=== WHAT THIS TASK INVOLVES ===
Starting at the line below with "Il Presidente Giorgio" and stopping at the line with "Thorlabs索雷博 LA4579-UV 平凸透镜", please print each line exactly, those two included, and skip every picture.

=== DATA FOR THIS EXERCISE ===
= = = =

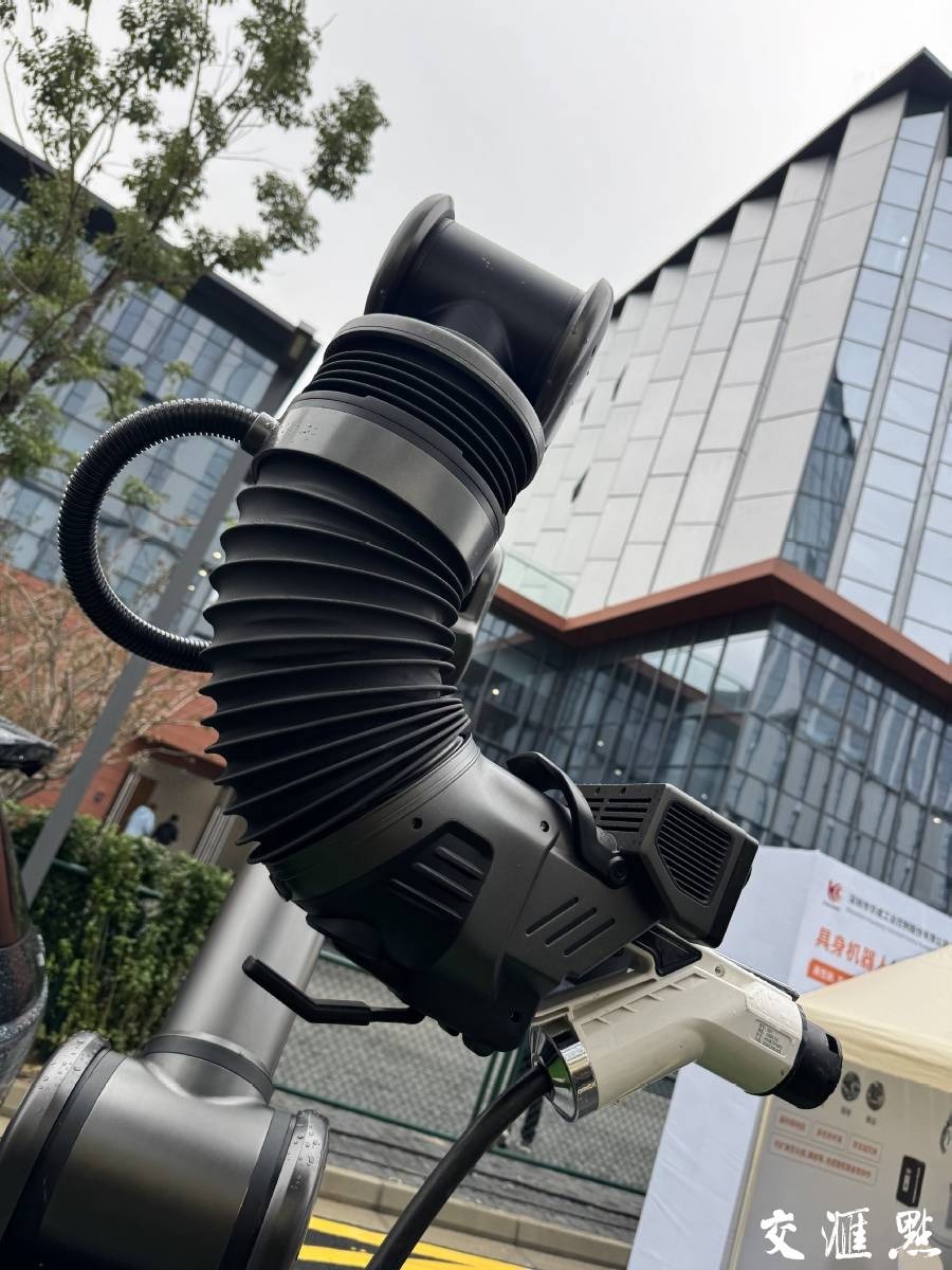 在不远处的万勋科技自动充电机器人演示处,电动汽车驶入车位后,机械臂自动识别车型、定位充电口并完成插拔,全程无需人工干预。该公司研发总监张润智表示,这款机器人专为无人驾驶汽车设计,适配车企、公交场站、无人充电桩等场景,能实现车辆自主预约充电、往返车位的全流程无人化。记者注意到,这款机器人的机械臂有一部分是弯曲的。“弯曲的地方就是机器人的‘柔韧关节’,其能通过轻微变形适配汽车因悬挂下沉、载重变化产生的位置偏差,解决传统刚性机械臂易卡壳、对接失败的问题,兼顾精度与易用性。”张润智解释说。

= = = =

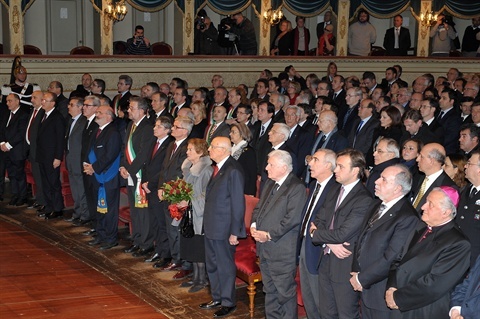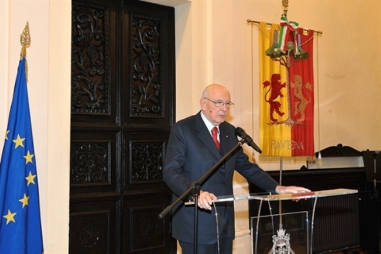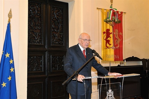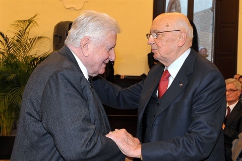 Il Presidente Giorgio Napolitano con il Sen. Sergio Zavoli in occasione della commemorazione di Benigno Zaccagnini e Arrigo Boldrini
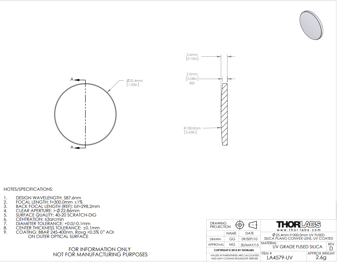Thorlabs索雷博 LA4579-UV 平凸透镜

= = = =

=== OUTPUT OF THE TASK ===
 Il Presidente Giorgio Napolitano con il Sen. Sergio Zavoli in occasione della commemorazione di Benigno Zaccagnini e Arrigo Boldrini
Thorlabs索雷博 LA4579-UV 平凸透镜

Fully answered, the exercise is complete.